Yevgeniya Yashina said that International Atomic Energy Agency (IAEA)’s inspectors, who are monitoring the situation at the nuclear power plant, will be informed about the attack

MELITOPOL, January 22. /TASS/. The latest series of Ukrainian drone attacks targeted civilian infrastructure in Energodar, the host city of the Zaporozhye Nuclear Power Plant (ZNPP), and not the nuclear facility itself, ZNPP Spokesperson Yevgeniya Yashina has told TASS.

"The city itself, and not the Zaporozhye nuclear power plant, was targeted. Ukrainian unmanned aerial vehicles were spotted above various districts of Energodar: near its water supply infrastructure, embankment and a supermarket," she said.

She added that International Atomic Energy Agency (IAEA)’s inspectors, who are monitoring the situation at the nuclear power plant, will be informed about the attack.
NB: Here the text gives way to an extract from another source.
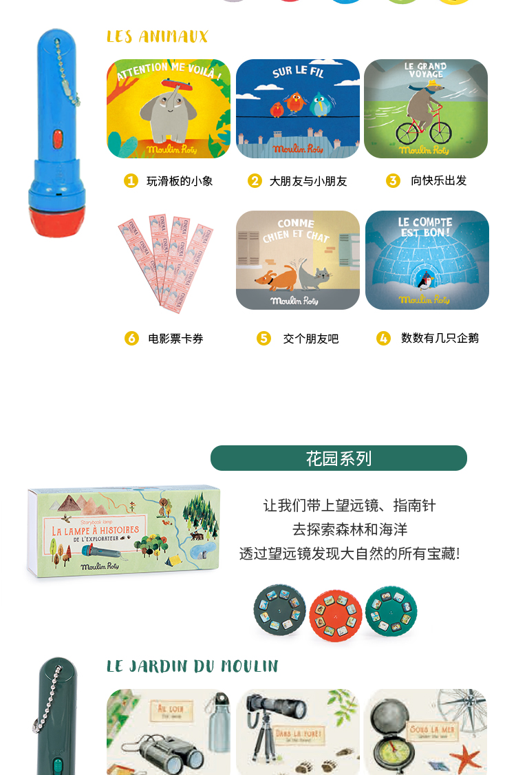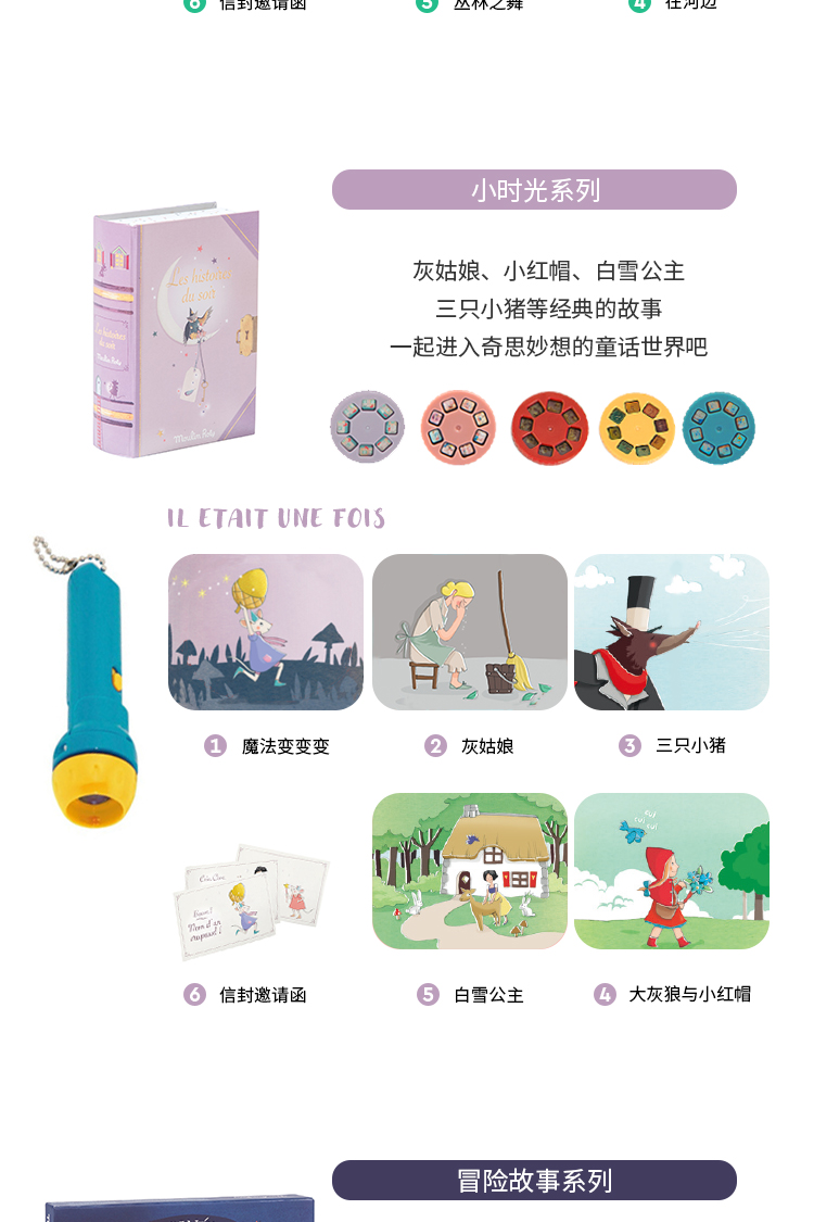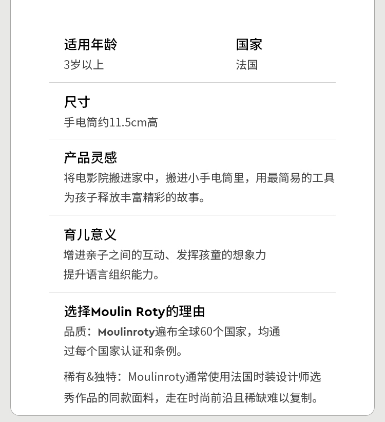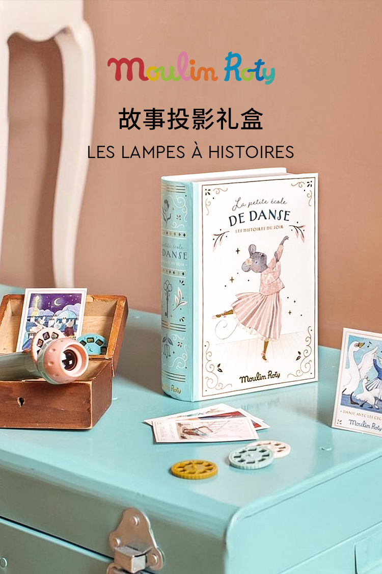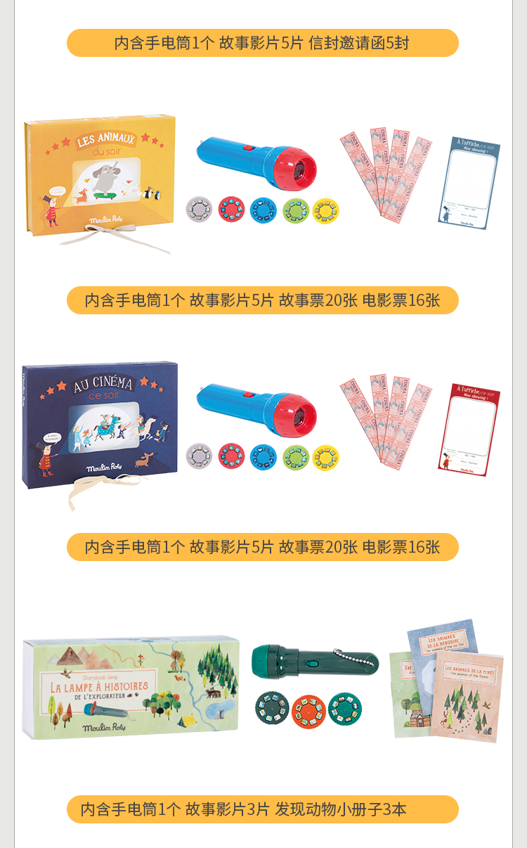 Moulin Roty 《小时光系列》故事 投影手电筒(礼盒版) 适合4岁以上 亲子互动 激发想象力 提升语言组织能力 法国品牌-711364

The Reuters news agency reported earlier in the day IAEA Director General Rafael Grossi planned to pay visits to Russia and Ukraine within the next few weeks. The IAEA chief also expressed his concern about the "increased military activity" near the ZNPP. Alexey Likhachev, the director general of Russia’s state-run nuclear corporation Rosatom, said on January 4 that he planned to continue his meetings and consultations with the IAEA chief later this year.

Energodar is located on the left bank of the Dnieper River near the Kakhovka Reservoir, 135 kilometers from Melitopol, the temporary administrative center of the Zaporozhye Region. The city is home to personnel of the Zaporozhye Nuclear Power Plant and their families.

The Zaporozhye nuclear facility, with roughly 6GW of capacity, is the largest of its kind in Europe. Russia took control of the plant on February 28, 2022, in the first days of its special military operation in Ukraine. Since then, units of the Ukrainian army have periodically conducted shelling both of residential districts in nearby Energodar and the premises of the nuclear plant itself, by means of drones, heavy artillery and multiple launch rocket systems (MLRS).